Все присутствовавшие обернулись. Чекка чуть не вскрикнула от удивления, увидя перед собою посетителя, которого она до тех пор не заметила и в котором ее опытный глаз, приглядевшийся к иностранцам и путешественникам, с первого взгляда признал француза.
-- Кто вы, синьор, и что вам здесь угодно?
-- Кто я? -- приезжий! что мне надо, моя красотка? Во-первых, мне надо засвидетельствовать вам свое почтение,-- что имею честь исполнить! (И новый гость раскланивался, как будто в салоне герцога или посланника.) Во-вторых, мне желательно посмотреть эти таинственные хоромы, которые вы так тщательно стережете и охраняете, а чтоб убедить вашу неумолимость, вот вам, посмотрите, что я вам привез от вашего барина!

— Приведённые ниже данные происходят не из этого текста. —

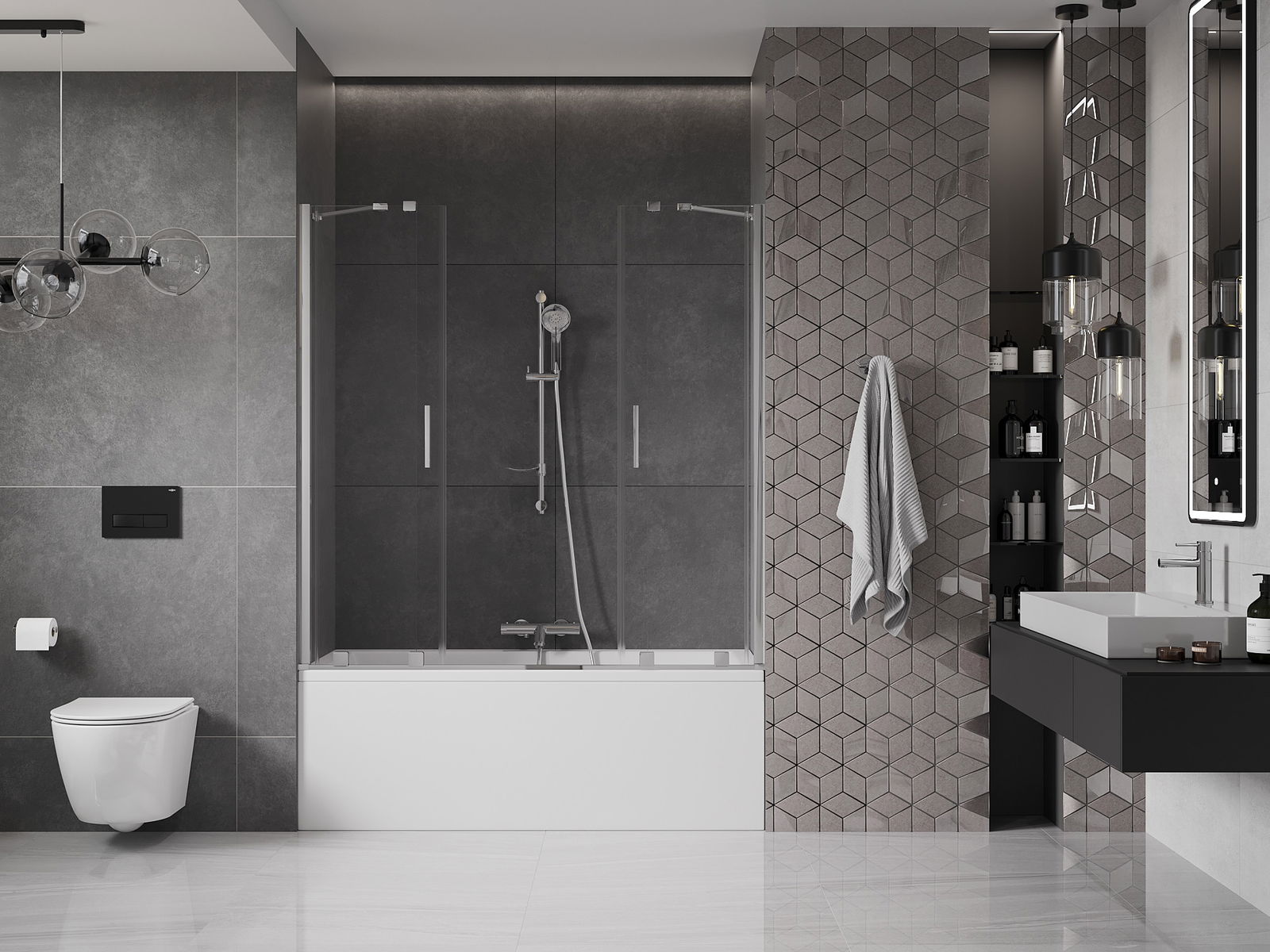 Datorită utilizării unui sistem universal de montare, paravanul poate fi montat pe partea dreaptă sau pe partea stângă, în funcție de necesități. În acest fel, poți proiecta cu ușurință un duș adaptat la spațiul băii.
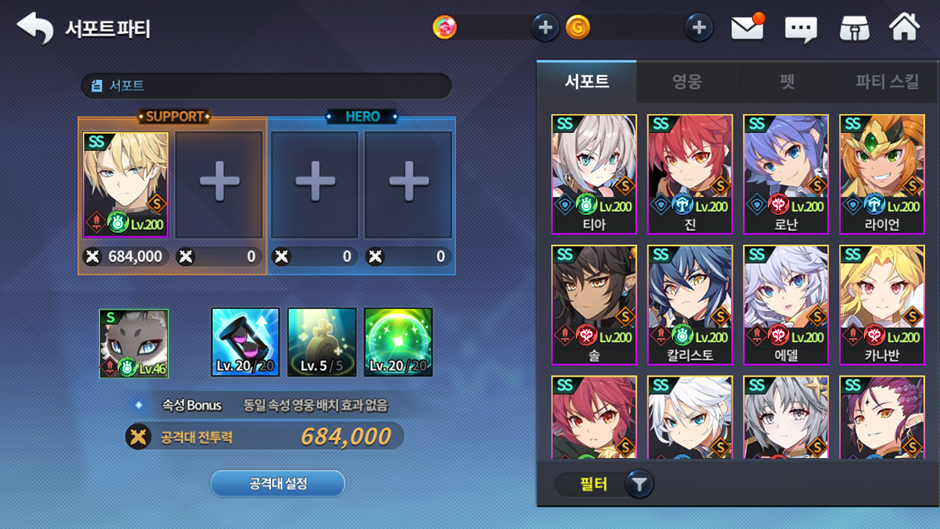 - 데일리 영웅 소환은 SS 영웅 0.5%, S 영웅 10%, A 영웅 89.5% 확률로 소환하게 됩니다.

И неожиданный гость подал изумленной Чекке открытую записку, на которой она узнала надпись и печать своего молодого господина.
-- От Лоренцо!.. Санта Мария, от Лоренцо!.. Боже мой, как обрадуется моя Пиэррина! Poveretta{Бедняжка (ит.). (Примеч. сост.)}, она так давно ничего не слыхала о брате!.. а писать он ленив... Спасибо вам, спасибо, синьор, за добрые вести!
Рассмотрев поданную записку, бедная Чекка удостоверилась, что она, хотя писанная рукою самого маркиза, не содержала никаких известий, а была просто "permesso", то есть форменное позволение, данное предъявителю, посетить, кроме открытого для всех палаццо Форли, и тот семейный архив, который обыкновенно не отпирался для чужих.
-- Синьор, с моим удовольствием,-- повторяла Чекка, теряясь в приседаниях и учтивостях всякого рода.-- Сейчас буду иметь честь... Но позвольте мне только сбегать за ключом к моей синьоре... к маркезине Пиэррине... она держит его у себя и никому не доверяет, даже мне! а я ведь ее кормилица, синьор, так уж можно бы мне поручить, если б... Но видно, никак нельзя!.. Туда никого не пускают, это для вас особенное исключение... верно маркиз имеет на то причины!..-- Чекка совсем засуетилась.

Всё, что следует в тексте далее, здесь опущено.